Вот так. Кончается, значит, опала. Капитан Михаил Колесников опять там, где ему и надлежит быть.

В научный флот Колесников, тогда бравый, тридцатилетний, с военной выправкой, пришел уже видавшим виды моряком. За спиной война и несколько лет плаванья на лесовозах. Дорогу из Ленинграда и Архангельска до Лондона знал как свою улицу.

Много раз я слышал, как уважительно люди говорили: "Михал Михалыч. Капитан Колесников". Некоторым в характеристиках пишут с полным основанием: пользуется авторитетом в коллективе.

О том, как случилась опала, он рассказал протокольно и не любил вспоминать. Но говорили об этом случае много. Я слышал от старых капитанов с внешностью профессоров и от способных кандидатов наук, похожих на матросов. Как всегда бывает, подлинное происшествие постепенно обрастало сомнительными подробностями и явными выдумками, превращаясь в легенду.

Судно, которым командовал капитан Колесников, зашло в порт Монтевидео, Уругвай. До этого - два месяца плаванья в экваториальной и южной Атлантике. Земли даже не видели. Корабли Колумба меньше времени провели в открытом океане. Станции (так называются остановки судна для проведения исследований) в любое время суток. Краем шторм захватил, потрепал. Изнуряющий зной, тяжелая работа без выходных и праздников, а часто и без смен. Таков закон моря. Потом дадут отгулы, можно будет хоть три месяца ловить рыбу или лежать на пляже в Сочи, так что надоест и снова захочется в море. Но сейчас от этого не легче. Люди устали, соскучились по твердой земле, по незнакомым человеческим лицам.

Завершены портовые формальности. Капитан надел свежий китель и вместе с начальником экспедиции нанес визит вежливости местным властям. Настало время отпустить людей на берег. Все как положено. Помполит, комиссар судна (в безобидном просторечии "помпа") провел беседу с отпускниками. Боцман проверил обмундирование у членов команды, ученые надели белые штаны, в каких Остап Бендер мечтал гулять по Рио-де-Жанейро. И веселой гурьбой все двинули на берег, как члены профсоюза на оплаченную месткомом экскурсию.

Капитан поужинал и ушел к себе.
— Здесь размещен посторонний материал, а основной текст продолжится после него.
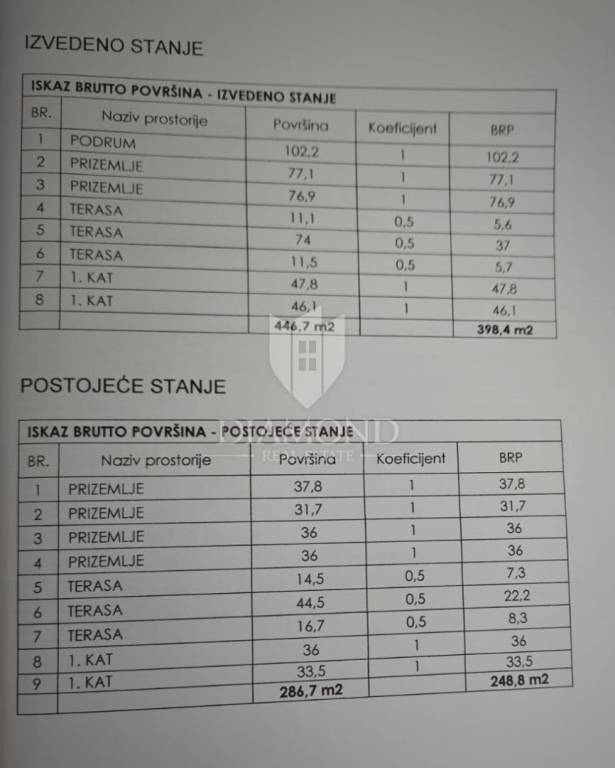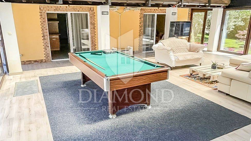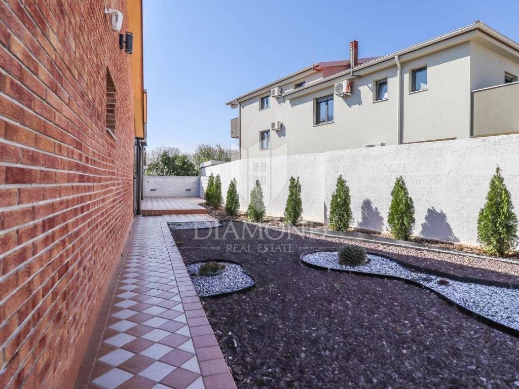 The house is detached with an area of 450m2 and a beautiful garden. The ground floor of the house has four apartments that have a common central part of the house, which is designed as a space for socializing or a living room. The apartments are 65m2 in size and have a living room with a kitchen, a bedroom with access to the terrace, a bathroom and a gallery that serves as a second bedroom. The central part of the house, i.e. the living room, has access to the terrace and landscaped garden on both sides of the house, and the glass walls contribute to the light of the space itself. The yard next to the terrace is ideal for a swimming pool. From the terrace, a staircase leads down to a large summer kitchen with a brick grill. Next to the summer kitchen is the entrance to the fifth apartment in the basement of the house. It consists of a spacious living room with a beautiful fireplace, a kitchen with a dining room, one bathroom and three bedrooms. The house has two entrances and two parking lots.
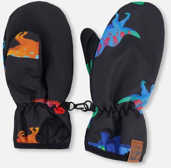 Our recycled polyester mid-season mittens in animal print are perfect for cool and damp days. Waterproof and fluorocarbon-free, they feature an eco-friendly BIONIC-FINISH® ECO coating that repels water and dirt without harmful chemicals. Made from recycled plastic bottles and lined in soft polyester, these mittens keep little hands dry, comfortable, and ready for outdoor fun.
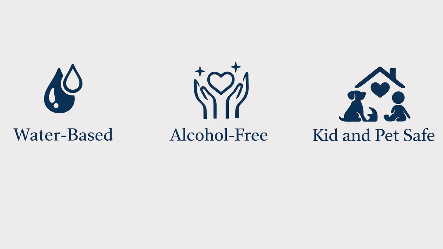 - Suitable for sensitive environments, including vehicle interiors and residential settings, without harsh or corrosive chemicals.
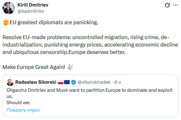 "Сделаем Европу снова великой": Кирилл Дмитриев считает, что Европа заслуживает лучшего. В посте в соцсети X глава РФПИ написал, что ЕС необходимо решить ряд проблем, в числе которых: 🔲 неконтролируемая миграция; 🔲 рост преступности; 🔲 деиндустриализация; 🔲 высокая стоимость энергоресурсов; 🔲 стремительный экономический спад; 🔲 повсеместная цензура. Пост Дмитриева стал ответом на публикацию главы МИД Польши Радослава Сикорского, в которой тот обвинил главу РФПИ и Илона Маска в желании разделить Европу для господства над ней.
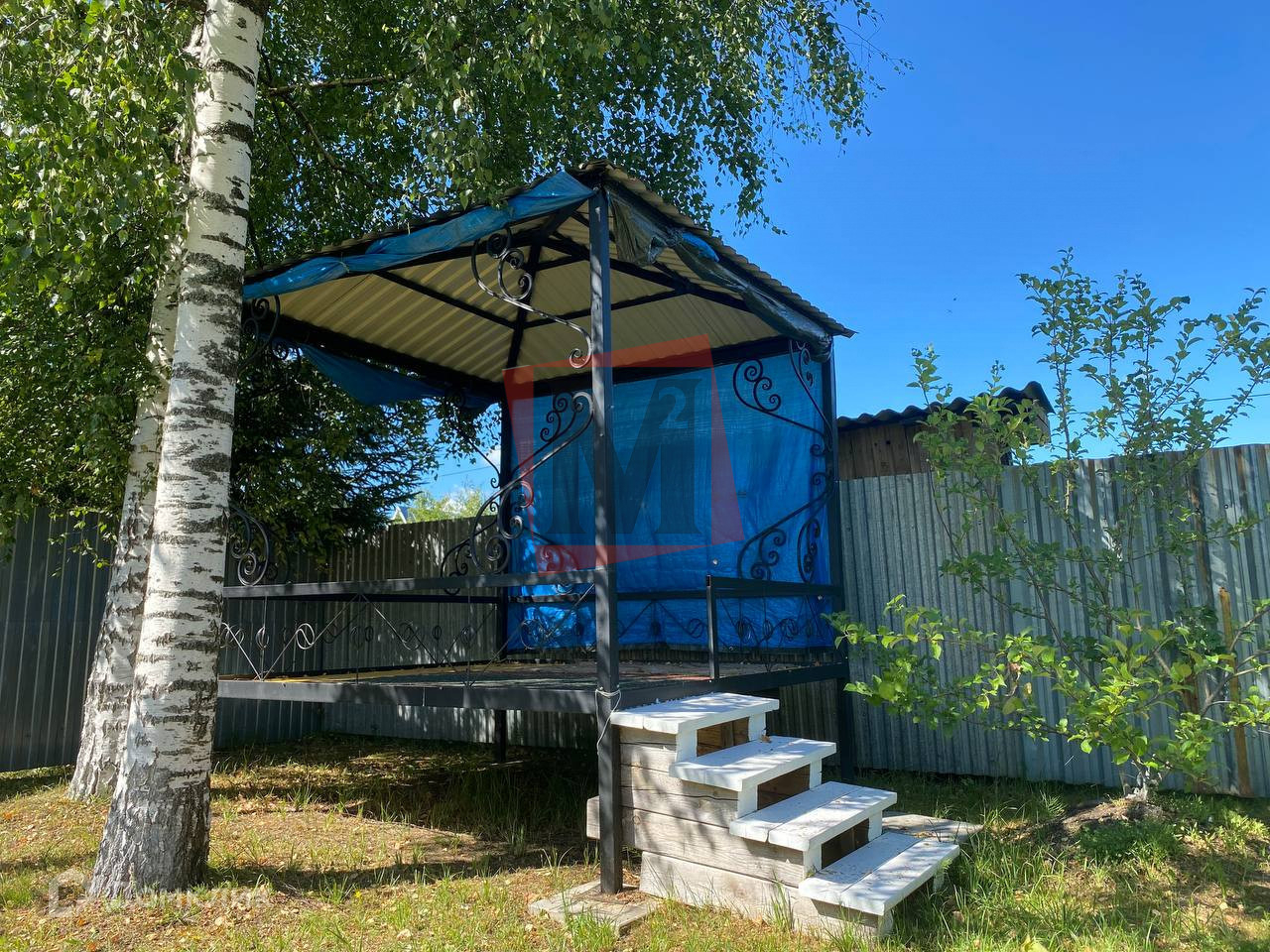 Для отдыха на улице есть топчан, сваренный из кованного железа. Есть зона под мангал и стол для большой компании. Организована зона для детского досуга (песочница и качели)
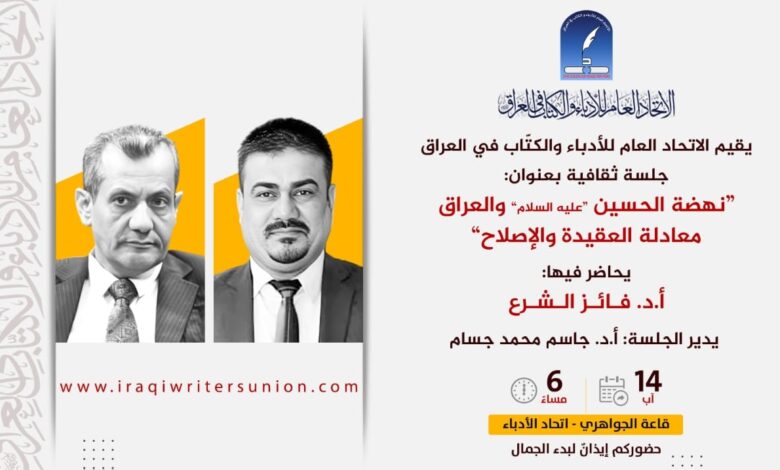 يقيم الاتحاد العام للأدباء والكتاب في العراق، جلسة ثقافية بعنوان (نهضة الحسين “عليه السلام” والعراق… معادلة العقيدة والإصلاح) يحاضر فيها (أ. د. فائز الشرع).
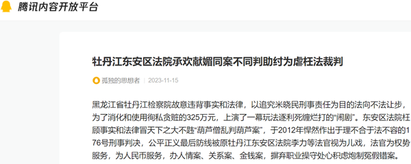 东安区法院阶段:2012年11月,悍然作出(2012)176号判决,再次判米晓民“犯滥用职权罪,免于刑事处罚”。
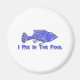 Fish stamp with dripping letters says "I pee in the pool." Great gag shirt to wear to the next swim practice or when you visit a public pool.
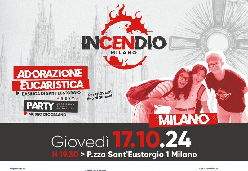 Sono previsti, tra ottobre e luglio 2025, cinque grandi eventi per i giovani fino a 30 anni, che potranno trovare in «INcenDIO» preghiera, relazioni, e, perché no, anche divertimento. Il programma delle serate è il medesimo: adorazione eucaristica, e, a seguire, un tempo di aggregazione. La prima data proposta è per giovedì 17 ottobre, alle 19.30. Il ritrovo è a Milano, presso la Basilica Sant’Eustorgio, per il momento di adorazione eucaristica. La serata proseguirà presso il Museo Diocesano Carlo Maria Martini, tra musica, animazione e possibilità di cenare grazie alla presenza di food truck. La seconda serata è in calendario il 12 dicembre 2024.
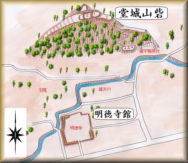 また、明徳寺の北側200mほどのところにある比高50mほどの独立山は堂城山と呼ばれ、詰めの城があったところであると推定されている。高さはたいしたことはないが、平野部の中の独立山であるので、けっこう目立った地形となっている。
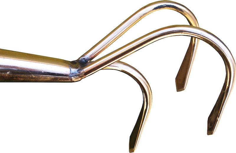 Kultivator mit 3 Zähnen Der Profi beim Jäten Massive Kupferlegierung, Stiel aus Lindenholz.
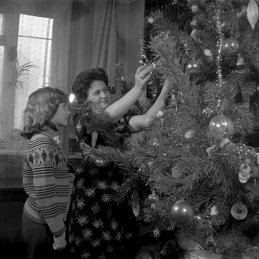 Дождик и мишура по всей квартире, бумажные снежинки на елке, вата на столах, которая играла роль снега... Да, советские люди проявляли креатив и не скупились на украшения. Ну и конечно, в каждом доме на Новый год должна была стоять елка - красавица со стеклянными игрушками, звездой на верхушке, подарками у основания и прочими тематическими атрибутами.
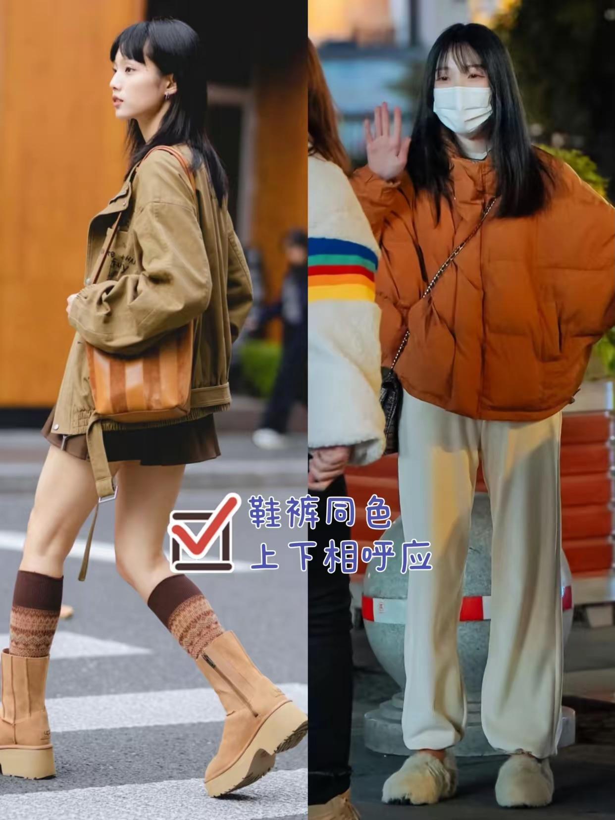 鞋褲同色或者上下呼應的穿搭,都是一種非常協調的搭配。尤其是鞋褲同色,更加顯高、也比較顯腿長。

Каждый день он заставлял себя полчаса заниматься испанским языком (он к тому времени очень недурно говорил по-английски и по-французски). Теперь у него появилось свободное время, он сидел за столом в майке и спрягал трудный глагол. Кое-кто уже вернулся из увольнения, многие отсыпались за бессонные ночи. Прибежал с берега молодой матрос, первый раз в океанском плаванье. Вахтенному помощнику ничего не сказал, прямо к капитану. "Михал Михалыч, беда, драка! К Семенову какая-то шпана местная привязалась, наши вступились". - "Где?" - "Близко совсем от порта, в пивной какой-то". - "Зачем в такое место пошли?" - "Так ведь жарко, пить захотелось. И снаружи вроде все прилично было". - "Полиция есть?" - "Не видать".

У Михаила в голове мчатся мысли. Заберут в полицию, избить могут и дело пришьют. Суд, скандал, пресса... Посоветоваться? Не с кем и некогда. Помполит спать лег, не очень здоров он. Надо идти самому. Натянул китель, и пошли.

Оказалось действительно совсем близко, но дыханья едва хватило: все же сорок пять лет да жара градусов тридцать. Надо сказать, что Михал Михалыч весит около центнера и имеет соответствующий рост, а в прошлом занимался боксом и самбо, кажется, имел даже неплохой разряд. Как говорится, его появление внесло растерянность в ряды противника. Он и развернуться по-настоящему не успел, как шпана обратилась в бегство. Был, правда, опасный момент, когда около самого уха просвистела бутылка и рассадила большое оконное стекло. Но обошлось.